- RECORD EXCERPTS

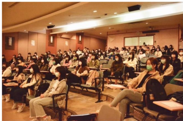
『博采眾長·文采風流』名人演講
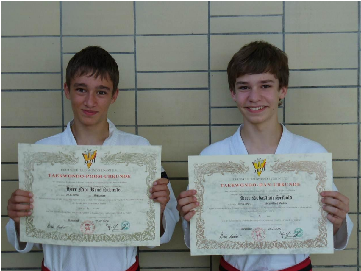
Abschlussfeier der Danprüflinge in der Gaststätte „Stern“ in Mittelbronn! Zu diesem besonderen Anlass durften wir in den „Geisterkeller“!
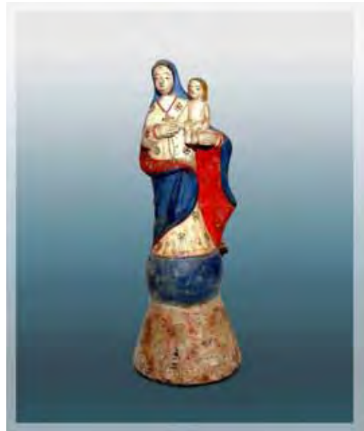
Ilustração 11 – N. Srª do Rosario, século XIX Sem atrib. , barro cozido – 18 cm – col. part.

Convém ponderar o surgimento de vários santeiros no Vale do Paraíba e adjacências que, movidos por este mercado da fé em ascensão desde o final do século XVIII, atuaram brilhantemente durante o século XIX e nas primeiras décadas do século XX, sucedendo outras gerações que também produziram uma pequena imagem de barro, com uma estrutura singular para os padrões vigentes, mas que influíram de maneira expressiva no comércio da imaginária doméstica, os quais usavam o termo a “troca” dos santinhos, pois acreditavam não ser correto vender, propriamente dizendo, a imagem de um santo. A respeito, aduz Eduardo Etzel:
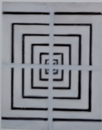
Rastr III, 1997, olej, plátno, 62 x 52 cm

Asi podvědomě hledám nějaké to Satory. Stav o kterém mluví Jack Kerouac, jako o stavu náhlého osvícení či náhlého probuzení nebo prostě jen kopnutí mezi oči. Každá má cesta, každý můj příběh je jedno velké Satory. Ale asi je to o procesu, o samotném malování, které je to největší transcendentno, jaké si vůbec dovedeme představit. Je to asi něco, co překračuje smyslovou zkušenost v náboženském smyslu, něco, co přesahuje člověka směrem k tomu, co stojí nad ním, k nadmyslnu, božskému principu. Nadmyslnu, transcendence zní dobře, ale je to hlavně hledání apriorního předpokladu možného poznání působícího až někde mezi centry nervového systému. Cesta, proces, hledání, to asi bude ta pravá odpověď.

- DIRECTIONS
Given the listing above, repeat exactly the lines starting at the one with "Convém ponderar o" and ending at the one with "Rastr III, 1997, olej, plátno, 62 x 52 cm", inclusive, excluding pictures.

- ANSWER
Convém ponderar o surgimento de vários santeiros no Vale do Paraíba e adjacências que, movidos por este mercado da fé em ascensão desde o final do século XVIII, atuaram brilhantemente durante o século XIX e nas primeiras décadas do século XX, sucedendo outras gerações que também produziram uma pequena imagem de barro, com uma estrutura singular para os padrões vigentes, mas que influíram de maneira expressiva no comércio da imaginária doméstica, os quais usavam o termo a “troca” dos santinhos, pois acreditavam não ser correto vender, propriamente dizendo, a imagem de um santo. A respeito, aduz Eduardo Etzel:
Rastr III, 1997, olej, plátno, 62 x 52 cm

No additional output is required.